What Happened and How Quickly

The government's requirement caught Anthropic off guard. The company was forced to immediately block Fable 5 and Mythos 5 for all users falling under the definition of "foreign citizen"—a definition that turned out to be far broader than initially anticipated. Unlike standard regulatory processes, which typically provide for a transition period, this order required immediate compliance.

A particular problem arose from the fact that the restrictions affected the company's own employees. A significant portion of Anthropic's researchers are specialists who came from other countries but have worked in the United States for years. For them, losing access to their own working tools meant an immediate operational crisis. The company had to simultaneously address legal issues and technically manage access in real time.

In an official statement, Anthropic reported that the government cited "national security authorities" as the basis for "export controls." No public explanation was provided as to which specific law was being applied or why. This placed the company, its lawyers, and industry observers in an extremely awkward position: the requirement had to be complied with, but its legal nature could not be understood.

An Unprecedented Precedent

Experts in technology policy are unanimous: nothing like this has happened before.

"As far as I know, this is the first time that U.S. export controls

have been used to restrict access to an AI model in this manner."

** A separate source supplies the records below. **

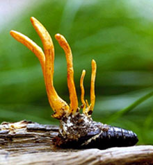 Đông trùng hạ thảo: Vị ngọt, tính ấm, có công dụng bổ hư tổn, ích tinh huyết, là một trong những vị thuốc - thực phẩm nổi tiếng của Y học cổ truyền, sánh ngang với nhân sâm và nhung hươu, thường được dùng để chữa chứng “kiện vong” do thận hư.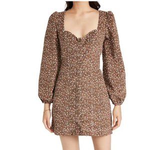 Free People Call Me Cord Mini dress that features an A-line silhouette and a printed corduroy fabrication. Short dress flaunts a sweetheart neckline and long puff sleeves. Full button-up front. Straight hemline falls at a flirty length. 99% cotton, 1% spandex. Machine wash cold and tumble dry low
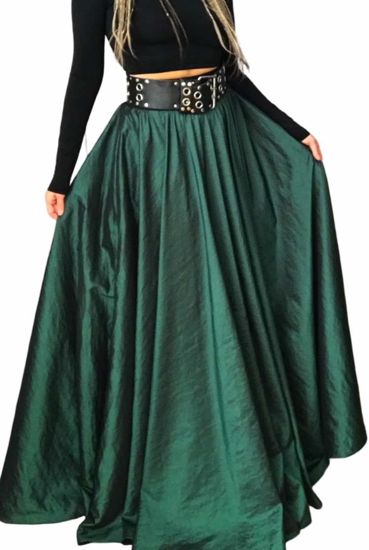 Dlouhá společenská sukně luxusního vzhledu v zelené barvě z mírně krešovaného (mačkaného) taftu. Bohatá, kolový stiřh, pružný pas na širokou gumu, možnost bočních kapes a úprava na míru zdarma. celý popis

Until now, American export controls in high-tech industries have primarily concerned chips and specialized equipment—for example, high-performance GPUs, whose importation is restricted for a number of countries. Applying this mechanism to cloud AI services represents a fundamentally different step: what comes under control is not a physical commodity, but the right to use a software model over the internet. This changes the very logic of how regulators can influence the AI industry.

Who Was Affected

The scope of restrictions proved to be far broader than the conventional understanding of "export controls" would suggest:

  • Foreign citizens legally residing and working in the United States
  • Anthropic employees with foreign passports
  • International corporate clients using the Claude API
  • Academic researchers from countries outside the "whitelist"
  • Company partners with development teams abroad

If such orders become the norm, major AI laboratories will face a stark choice: restrict hiring of foreign specialists—or accept that employees could lose access to key company products at any moment.

What This Means

This episode marked a new line in American technology policy: export controls can extend not only to hardware, but also to software products—and can be introduced without public legal justification or advance notice. For AI companies, this represents a new type of regulatory risk for which the industry is not yet prepared. For the international market, it is a signal that access to cutting-edge American models could come under threat on grounds that were never announced in advance.